JSR 223 does not work well with Maven 2. The engine jar file does not reside in the Maven repository so you have to separately install them into you local Maven repository. Here is the command to install JRuby:
~/bin/maven-2.0.8/bin/mvn install:install-file -Dfile=jruby-engine.jar -DgroupId=org.jruby -DartifactId=jruby-engine -Dversion=1.0.1 -Dpackaging=jar

Scripting languages currently under JSR 223

beanshell, browserjs, ejs, freemarker, groovy, jacl, jaskell, java, javascript, jawk, jelly, jep, jexl, jruby, jst, judo, juel, jython, ognl, pnuts, scheme, sleep, velocity, xpath, xslt.
These languages should in theory work with ShapeLogic, without any additional code.

Other implementations of lazy streams

  1. BaseStream: That is the abstract base class with most of the lazy stream functionality
  2. IteratorStream: Generates elements using Java Iterator
  3. TransformerStream: Generates elements using Java interface
  4. FunctionStream: Generates elements using JRS 223 as described above

Next step for functional constructs for ShapeLogic

  1. Filter that is easy to define in external text using scripting
  2. Transformer transforming one lazy stream to the next
  3. Query interface from where a result can be retrieved
-Sami Badawi

Wednesday, January 9, 2008

Functional constructs Java 7, Groovy, Commons

What functional constructs to use for ShapeLogic

I have started to code the lazy streams for ShapeLogic. They are going to be key for the query interface to ShapeLogic. I need some functional constructs to work with these. The top sources candidates are:
  1. Apache Commons
  2. Groovy
  3. Java 7
  4. Hand coding
None of these are a perfect fit. This post list some of the advantages and disadvantages of these.

Apache Commons functional constructs

I am currently using Apache Commons JEXL for user expressions.
  1. Apache Commons do not use templates
  2. Apache Commons Functor are still in the sandbox and not actively developed
  3. The code is not uniform
  4. You cannot make user define functions in Apache Commons JEXL

Groovy functional constructs

I need to use a scripting language, to define user functions.
  1. Groovy contains all of Java's constructs
  2. Groovy comes with good functional constructs
  3. I like the Groovy syntax for using these
  4. I cannot use these expressions directly since Groovy is not a lazy language

Java 7 functional constructs

Java 7 comes with good functional constructs.
  1. There are a lot of interest for functional constructs in Java 7
  2. I would rather use Java 7 than compete with it
  3. Java 7 still seem to be pretty far away
  4. It is not sure that closures will make it into Java 7

Thoughts on immutable constructs

I will probably make the convention that a lazy stream like the Fibonacci numbers are immutable, but not enforce this by making a LISP list.

Scala envy

Now I suffer from Scala language envy.

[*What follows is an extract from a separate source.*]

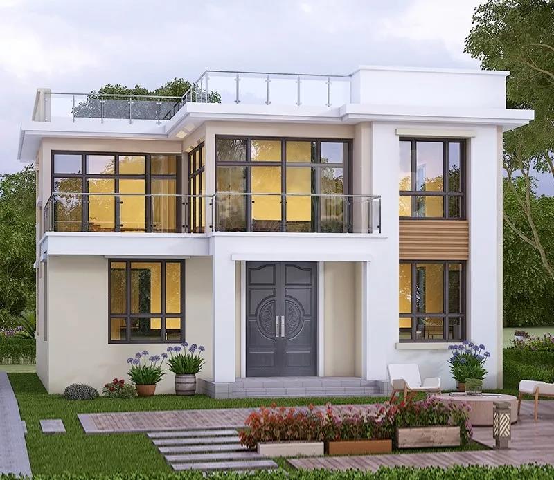 现代别墅没有复杂的外观,整体给人一种未来感,配色简单时尚,也有一种艺术气息;深受年轻人的喜爱。今天推荐的别墅是="://www.lemeizhai.com/search.asp?SearchType=Software&imageField.x=43&imageField.y=26&SearchKey=%CF%D6%B4%FA" target="_self">二层现代别墅设计,整体配色有浅色系,纯白、浅黄等等。深灰色的大门与深色窗框装饰让别墅显得更加漂亮,而且预估造价不超过40万

These Scala language features would come in handy now:
  1. Lazy streams
  2. List comprehension, with same syntax for lists, iterators and streams
  3. First class function
  4. Closures
  5. Lazy calculation
  6. Uniform access to functions and lists
I could of cause try to include the scala.jar and directly use the Scala constructs in ShapeLogic, but there lay the road to madness.

Hand coding functional constructs

This might not be too much work, but I would rather not create yet another implementation of functional constructs. Apache Commons Functor never took off, despite some good press. That is probably an indication that Java was not that well suited for elegant functional constructs when this library was made, and maybe still isn't.

Current work plan

  1. I will start by implementing a lazy Fibonacci stream
  2. Then I will move the polygon finder to a lazy stream, before it could only find one polygon
I will try to get ShapeLogic 0.9 out soon, even if it is a very limited version.

If you know of any libraries that would fit my need and not be too heavyweight, please let me know.

Two Fibonacci implementations

The Haskell language has an incredibly elegant lazy stream implementation:
fibs :: [Int]
fibs = 1 : 1 : [ a + b | (a, b) <- zip fibs (tail fibs)]

Drools Fibonacci implemented. This is not a good fit for my computer vision project.

-Sami Badawi

Saturday, January 5, 2008

Good resources about generating a Site and Documentation in Maven 2

The ShapeLogic project site is generated with Maven site generation tool.

I am trying to customize the ShapeLogic site a little more. Unfortunately the documentation for using Maven site generation tool is very spotty, but Eric Redmond has made 2 great resources about this:

His online Maven 2 book:
http://propellors.net/maven/book/site-generation.html

His blog entry:
過労死 Death by Overcoding: Generating a Site and Documentation in Maven

Now the whole ShapeLogic site is generated cleanly with this command:
mvn clean site
Before you manually had to copy the directories: images and css

-Sami Badawi

Wednesday, January 2, 2008

ShapeLogic for general declarative programming

ShapeLogic 0.9 is going to be the first release where users define rule sets read from either databases or flat files. I have decided to broaden the scope of the project.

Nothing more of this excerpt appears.